Chief Justice Burger dissented alone, arguing that there were no conclusive findings available to the
Court on the health risks of vaginal foam since that issue had not been presented to the lower
courts, and thus no basis for the Court's finding that the Massachusetts statute served no public
health interest. Burger also held that the Massachusetts statute independently advanced the state's
interest in ensuring couples receive informed medical advice on contraceptives.

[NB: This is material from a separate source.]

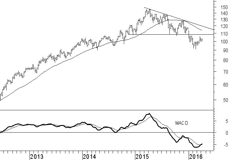 Bayer gaat al sinds begin januari, toen het aandeel onder het steunniveau rond €109 zakte, gebukt onder een negatief technisch beeld. Na een initiële daling volgend op de doorbraak van het steunniveau is nu sprake van herstel. Overtuigend is het alleen niet. Het is niet verrassend dat het herstel stukloopt in de nabijheid van het oude steunniveau dat nu dienst doet als weerstand rond €109. Vlak daarboven oefent ook het 40-weeks gemiddelde de nodige druk uit op het koersverloop. Al met al blijft het patroon van lagere toppen en bodems en daarmee van een dalende trend intact. Het enige lichtpunt is de positieve kruising van de MACD-indicator. Daarmee zou de kracht van de dalende trend iets kunnen afnemen.
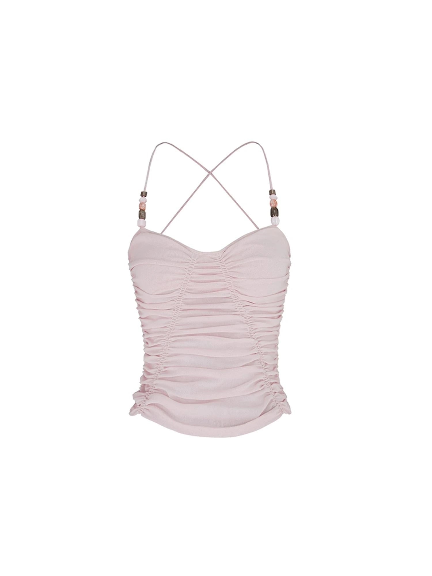 | Striking halter design with elastic mesh fabric; Beaded straps for layered styling; Can be worn alone or layered. |

While Brennan's ruling conceded that states may prohibit sex outside of marriage, later cases have
interpreted its most famous sentence"If the right of privacy means anything, it is the right of the
individual, married or single, to be free from unwarranted governmental intrusion into matters so
fundamentally affecting a person as the decision whether to bear or beget a child."as recognizing
the right of single people to procreate on the same basis as married couples, reasoning which would
eventually be extended to a more general right to engage in sexual activity. Carey v. Population
Services International, decided in 1977, struck down a New York law forbidding distribution of
contraceptives to those under 16 but failed to produce a majority opinion and thus is not widely
cited. Bowers v. Hardwick in 1986 rejected the claim of homosexuals to a fundamental right to
engage in sodomy. However, Lawrence v. Texasoverruled Bowers in 2003, citing Eisenstadt in
support of this ruling, and recognized that consenting adults had a right to engage in private,
consensual non-commercial sexual intercourse. Roy Lucas, a prominent abortion rights lawyer,
assessed the case as "among the most influential in the United States during the entire [20th]
century by any manner or means of measurement."[5] Eisenstadt v. Baird is mentioned in over 52
Supreme Court cases from 1972 through 2002.[5] Each of the eleven U.S. Court of Appeals Circuit,
as well as the Federal Circuit, has cited Eisenstadt v. Baird as authority.[5] The highest courts of all
50 States, the District of Columbia, and Puerto Rico have cited Eisenstadt v. Baird.[5]